◆ DATASET EXTRACT ◆
-- Opening Marker --
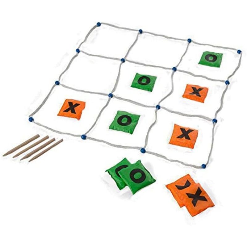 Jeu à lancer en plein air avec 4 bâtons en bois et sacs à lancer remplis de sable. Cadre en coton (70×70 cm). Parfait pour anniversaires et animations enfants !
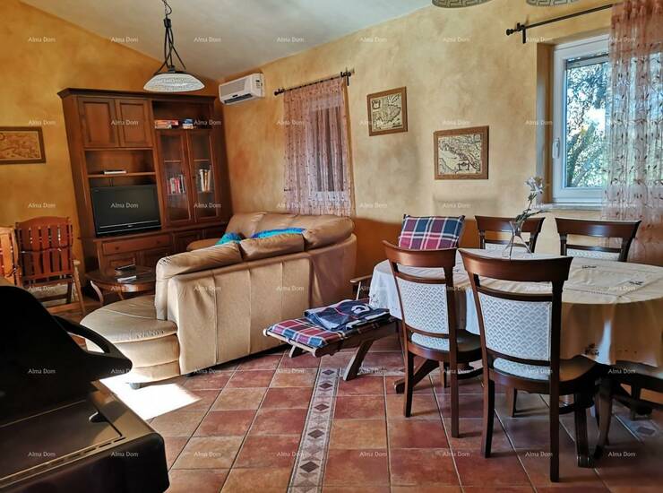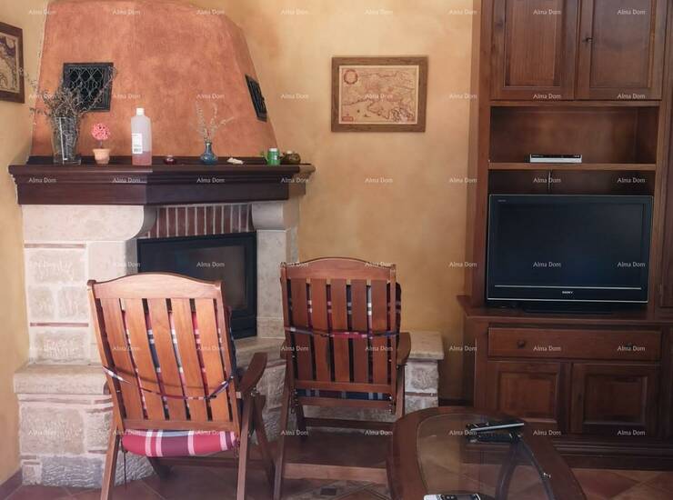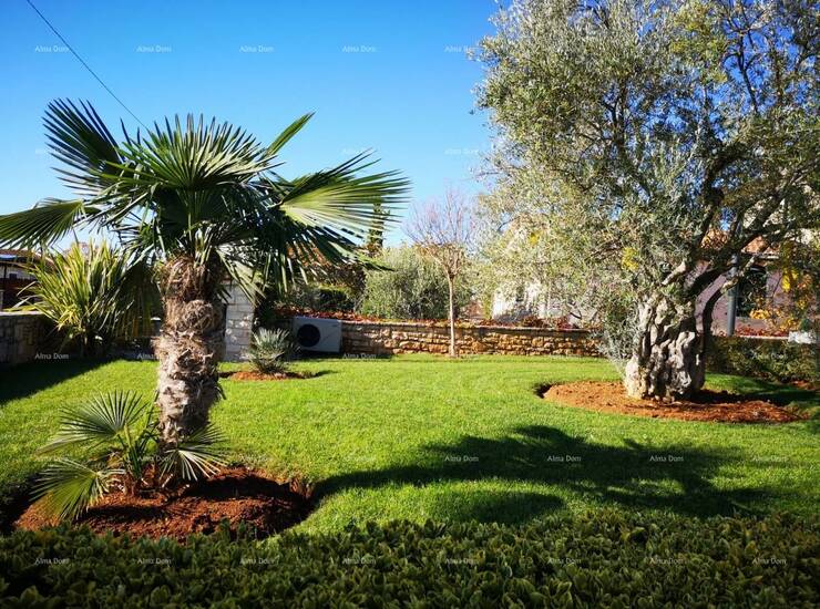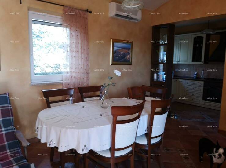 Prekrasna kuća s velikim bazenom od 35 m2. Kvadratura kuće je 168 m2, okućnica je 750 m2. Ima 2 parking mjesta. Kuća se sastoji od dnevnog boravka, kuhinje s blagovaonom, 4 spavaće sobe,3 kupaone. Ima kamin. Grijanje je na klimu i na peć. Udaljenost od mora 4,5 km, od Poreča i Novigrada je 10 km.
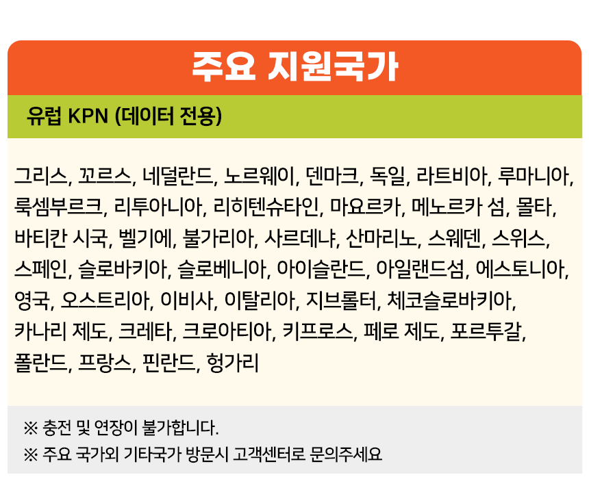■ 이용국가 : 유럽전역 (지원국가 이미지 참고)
-- Closing Marker --
Retype, word for word, only the line holding "Prekrasna kuća s" and the lines after it through the final line of the listing above, and leave every picture out.

◆ ANSWER SECTION ◆
 Prekrasna kuća s velikim bazenom od 35 m2. Kvadratura kuće je 168 m2, okućnica je 750 m2. Ima 2 parking mjesta. Kuća se sastoji od dnevnog boravka, kuhinje s blagovaonom, 4 spavaće sobe,3 kupaone. Ima kamin. Grijanje je na klimu i na peć. Udaljenost od mora 4,5 km, od Poreča i Novigrada je 10 km.
■ 이용국가 : 유럽전역 (지원국가 이미지 참고)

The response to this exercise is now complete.